Steven Euijong Whang (황의종)
직함: Research Scientist
Google Research
Big Data and AI are two of the most important technologies for the Fourth Industrial Revolution and are inevitably becoming integrated. Traditionally, Big data research was focused on scalability on large amounts of data, while AI was focused on intelligent processing, but not on large data. Recently, practical systems with real-life applications need integrated technology from both AI and Big data, introducing new challenges that can change the way we think about traditional AI and Big data issues. To this end, I will describe my research starting from Big data I have done at Stanford to Big data-AI integration at Google Research.
At Stanford, I worked on Big data analytics (in particular, information integration and privacy), which has become an extremely important and challenging problem in disciplines like computer science, biology, and medicine. As massive amounts of data are available for analysis, scalable integration techniques that provide a unified view to the heterogenous information from various sources are becoming important for data analytics. Within information integration, I will focus on the problem of entity resolution (ER), which identifies objects that refer to the same real world entity. In practice, ER is not a one-time process, but is constantly improved as the data, schema, and application are better understood. In this talk I will address the problem of keeping the ER result up-to-date when the ER logic "evolves" frequently by using evolving rules. A naive approach that re-runs ER from scratch may not be tolerable for resolving large datasets. I will show when and how we can instead exploit previous "materialized" ER results to save redundant work with evolved rules. I will also briefly explain how I used crowdsourcing techniques to enhance ER.
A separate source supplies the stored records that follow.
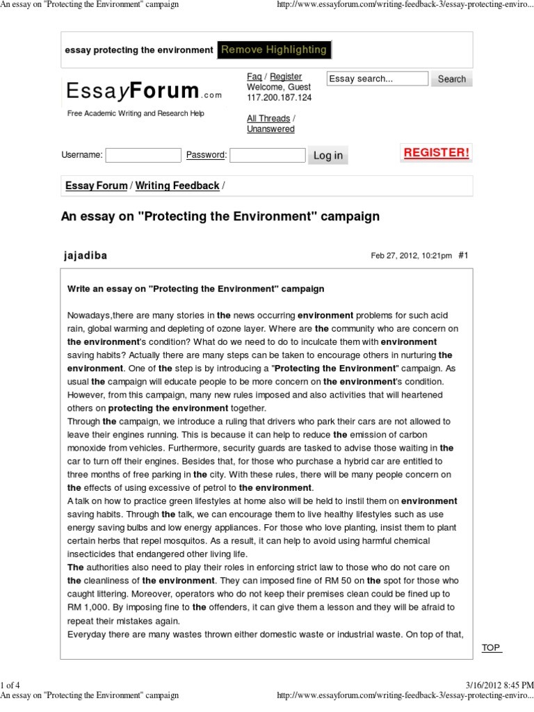 An Essay on Protecting the Environment Campaign | Natural Environment | Recycling
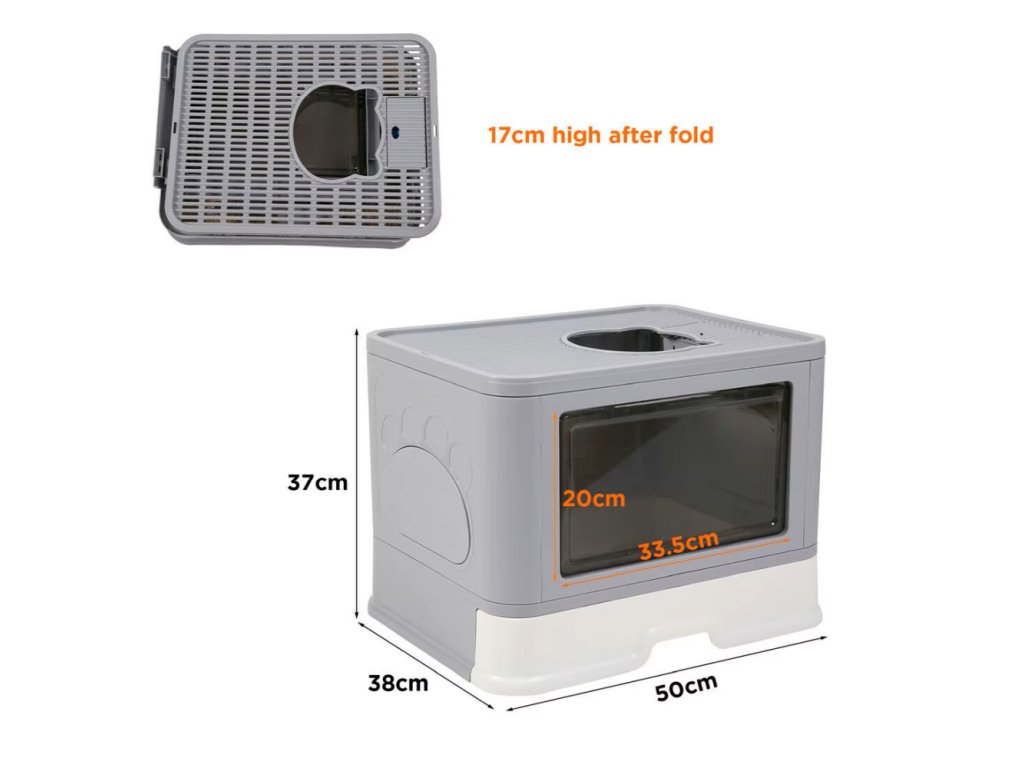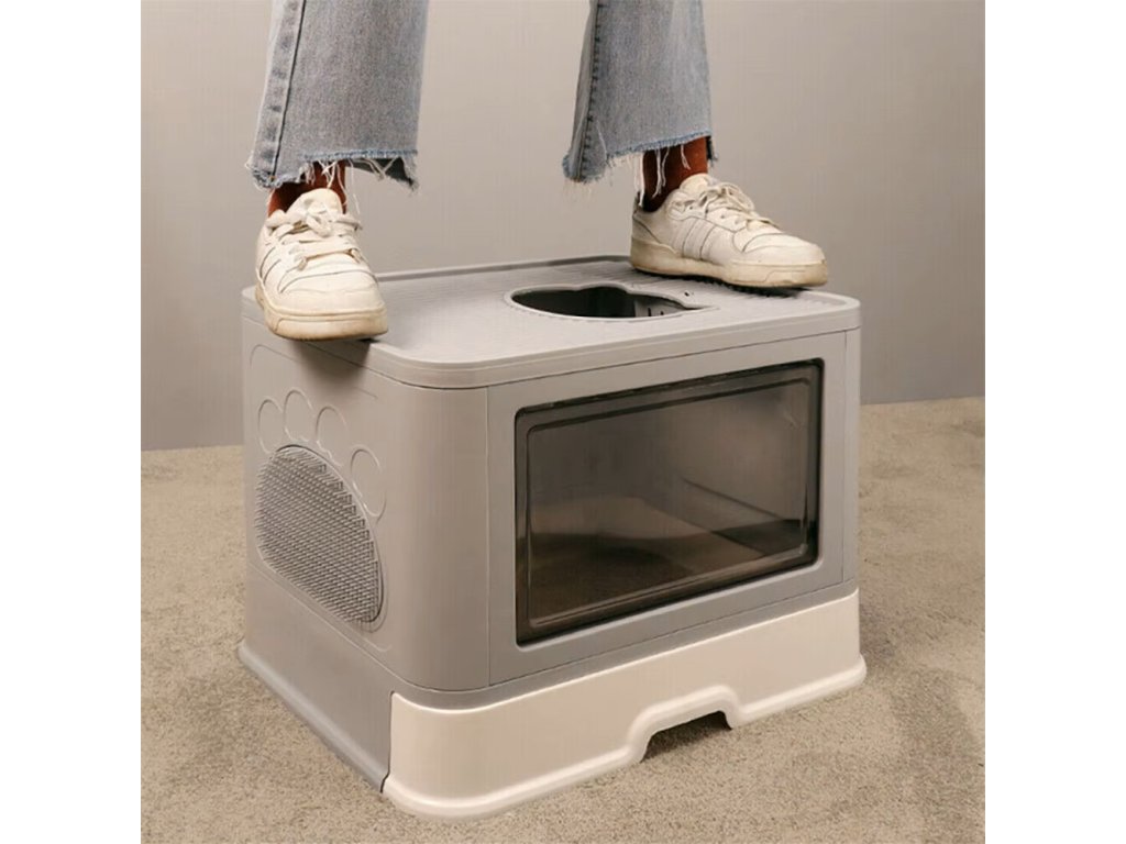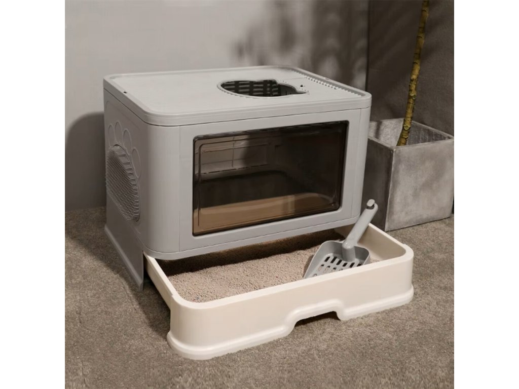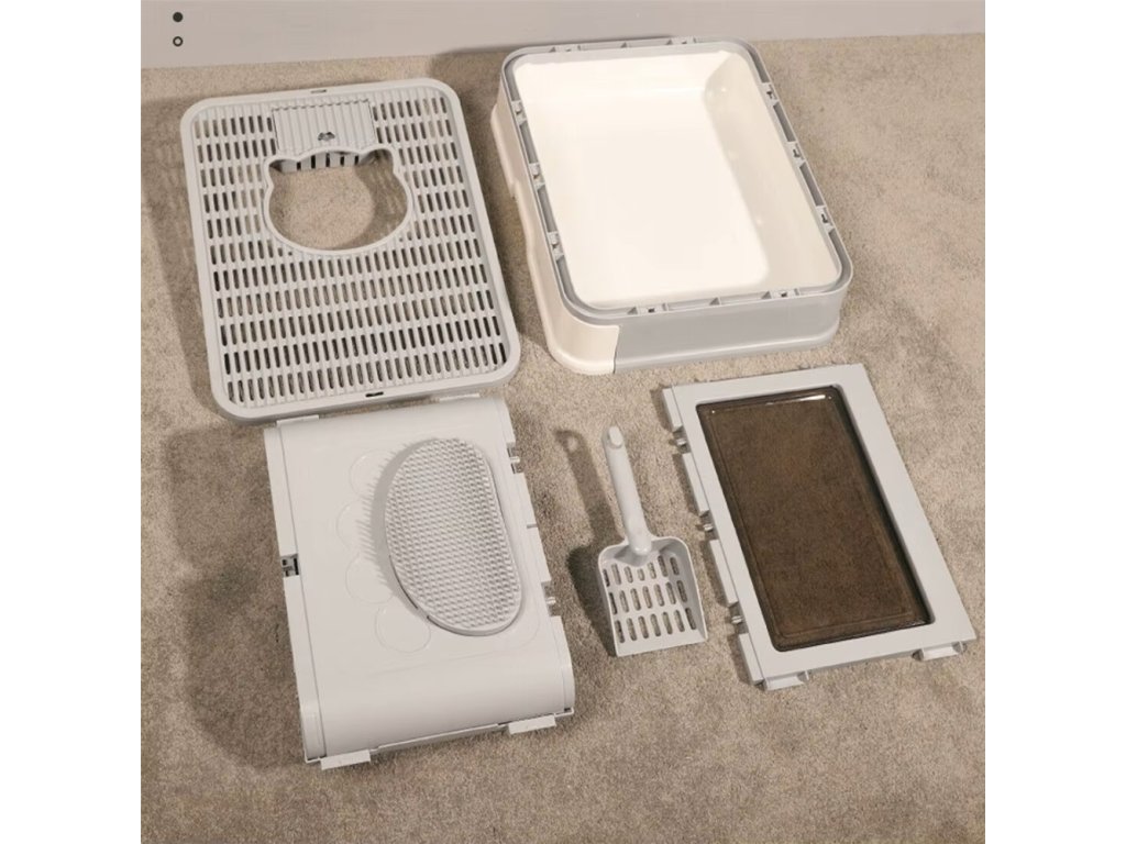 Moderní kočičí toaleta s lopatkou, masážním kartáčem a vyjímatelnou spodní zásuvkou pro snadné čištění steliva. Přední dvířka zajišťují volný vstup kočky, zatímco horní výlez s filtrem zachytává zbytky steliva na tlapkách a zabraňuje jejich roznášení po podlaze. Box je skládací a lehký, takže se snadno přenáší a je ideální i na cesty. Součástí toalety je i lopatka a masážní kartáč a ve vrchní části je prostor pro uložení sáčků na exkrementy. Rozměry toalety jsou 50x37x38 cm a přední vstup je v rozměrech 33,5x20 cm.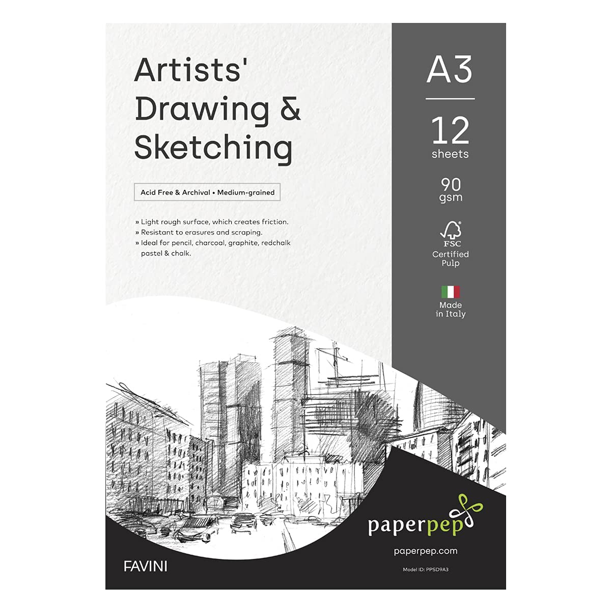 PaperPep Artists' Sketching & Drawing Paper 90GSM A3 Pack of 24 for Sketching & Drawing with Pencil, Charcoal, Graphite, redchalk Pastel, Chalk, Oil Pastel & Wax Crayon for Artists' & Amateurs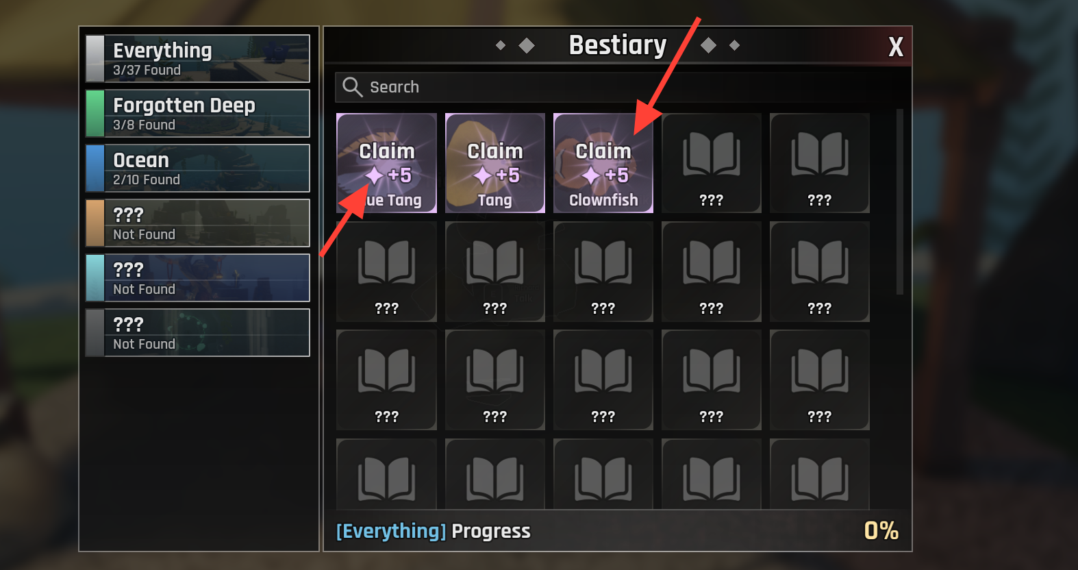 Every time you catch a new species of fish, it is documented in your Bestiary.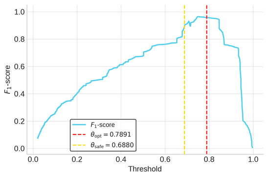 The red marker highlights the optimal balance point at θopt = 0.7891, while the yellow marker indicates θsafe = 0.6880, corresponding to perfect recall (recall = 1.0000). In Figure 4, which plots the F1-score against the threshold, the red dashed line at θopt lies within the F1 curve peak region, confirming that the model achieves high and robust performance from the cross-validation process.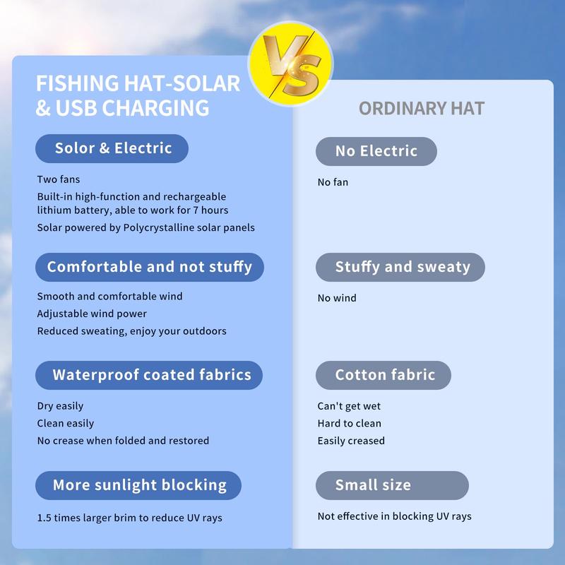đ„ Wide Side Solar Fan Outdoor Fishing Hat,đ USB Charging, Cool in Summer!âš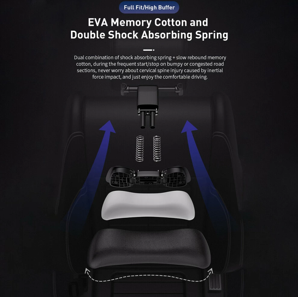 • Dual combination ofshockabsorbingspring + slow rebound memory cotton, during the frequent start/stop on bumpy or congested road sections, never worry about cervical spine injury caused by inertial force impact, and just enjoy the comfortable driving.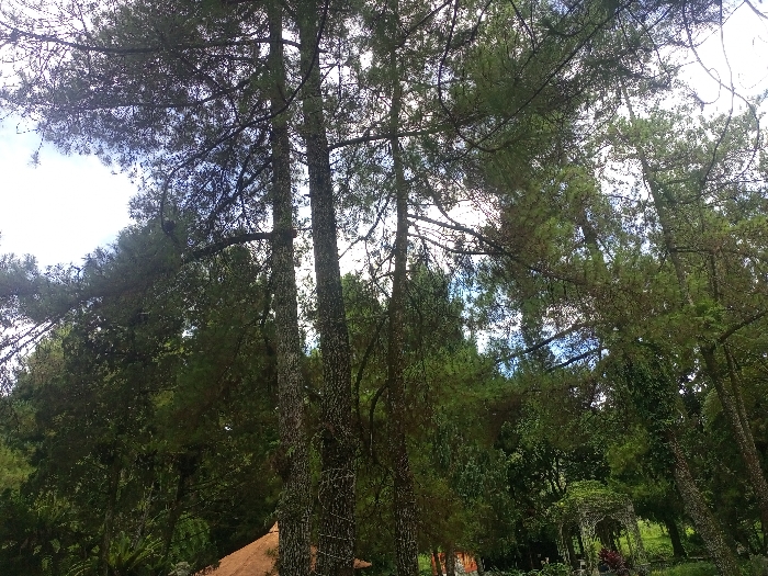 - "The image captures an outdoor scene in Cipanas, Indonesia, dominated by tall, slender conifer trees, likely pines, viewed from a low angle looking upwards through their dense canopies" by FM-5nxkH3, licensed under CC BY 4.0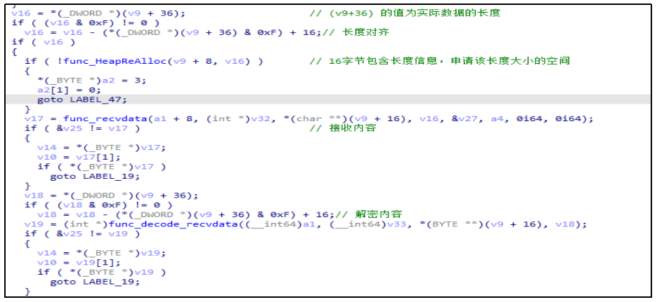 “Back_Eleven”具有主动回连和被动监听两种工作模式:在主动回连模式下,“Back_Eleven”解密内置的主控端控制服务器IP地址,并使用内置的RSA加密算法公钥完成密钥交换,然后使用AES算法将上线信息加密后,利用TLS协议加密传输到主控端;在被动监听模式下,“Back_Eleven”通过监听Windows系统网卡流量,筛选主控端发送的特定条件数据包,实现主控端命令执行。

At Google Research, I worked on AI systems that use Big data. First, I will describe the Biperpedia project (a state-of-art knowledge base for search applications) I developed as the technical leader. Using Biperpedia, a search engine can understand a query like "brazil coffee production 2017" and understand that the user is asking for some numeric attribute (called coffee production) of the country Brazil in the year 2017. While the attributes of existing knowledge bases like Freebase are manually curated, Biperpedia automatically extracts attributes (thousands per class) on the long tail from Search queries and Web Text using machine learning and natural language processing techniques. Next, I will briefly describe my current work on developing Big data management infrastructure for large-scale machine learning systems. Unlike conventional software, the success of a machine learning system heavily depends on the quality of the data used for training models. In fact, most significant outages in production-scale machine learning systems involve some problem in the data. Hence, Big data management becomes critical in all steps of large-scale machine learning.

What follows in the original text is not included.